Copy word for word the lines in the records below, starting at the line with "四索面拉索和吊索在交叉吊索区" and ending at the line with "3、在書籍詳情界面,找到「章節(jié)列表」或「目錄」選項,點擊進入。". Skip the pictures.

*** Provided entries

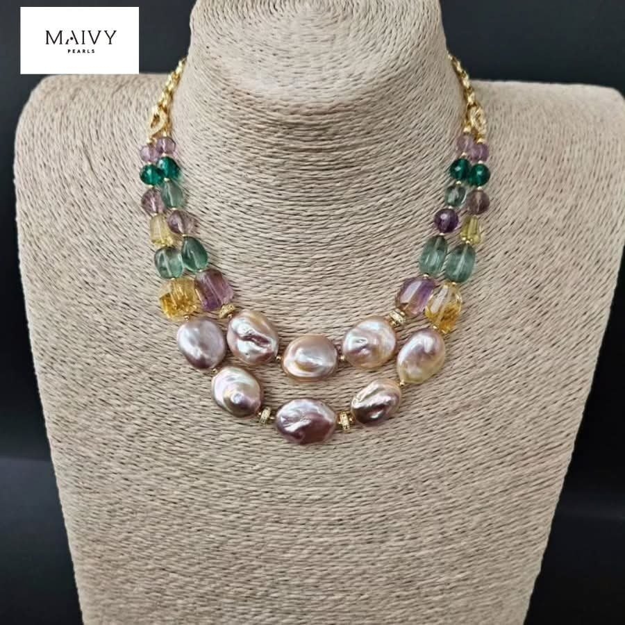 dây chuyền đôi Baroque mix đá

******
*** Provided entries

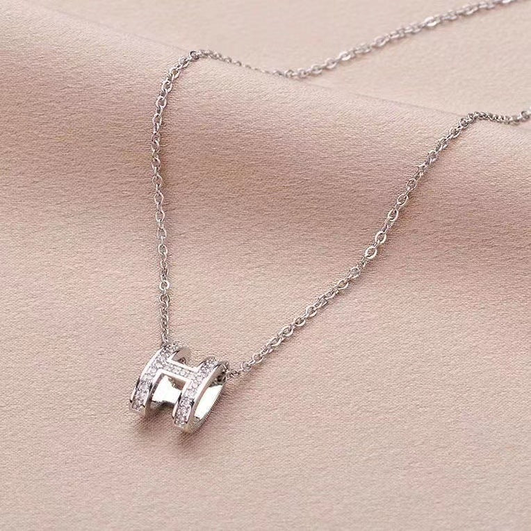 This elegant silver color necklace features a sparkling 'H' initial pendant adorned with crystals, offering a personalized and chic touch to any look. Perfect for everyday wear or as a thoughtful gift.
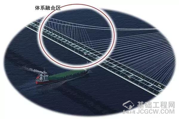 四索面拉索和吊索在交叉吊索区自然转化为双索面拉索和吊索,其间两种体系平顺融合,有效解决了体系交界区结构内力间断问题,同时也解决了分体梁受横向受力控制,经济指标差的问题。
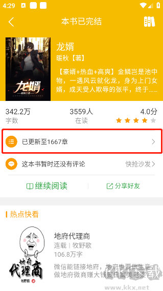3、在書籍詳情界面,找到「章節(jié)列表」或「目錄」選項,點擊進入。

******
*** Provided entries

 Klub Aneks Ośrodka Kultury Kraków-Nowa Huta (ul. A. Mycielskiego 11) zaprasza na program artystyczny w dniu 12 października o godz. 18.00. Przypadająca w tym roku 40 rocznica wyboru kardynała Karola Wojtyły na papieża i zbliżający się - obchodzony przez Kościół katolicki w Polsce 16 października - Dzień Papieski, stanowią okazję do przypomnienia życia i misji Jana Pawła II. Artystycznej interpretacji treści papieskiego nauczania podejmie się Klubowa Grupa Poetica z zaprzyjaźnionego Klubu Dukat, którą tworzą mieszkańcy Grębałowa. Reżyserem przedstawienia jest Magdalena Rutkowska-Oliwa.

******

■ Result ■
 四索面拉索和吊索在交叉吊索区自然转化为双索面拉索和吊索,其间两种体系平顺融合,有效解决了体系交界区结构内力间断问题,同时也解决了分体梁受横向受力控制,经济指标差的问题。
3、在書籍詳情界面,找到「章節(jié)列表」或「目錄」選項,點擊進入。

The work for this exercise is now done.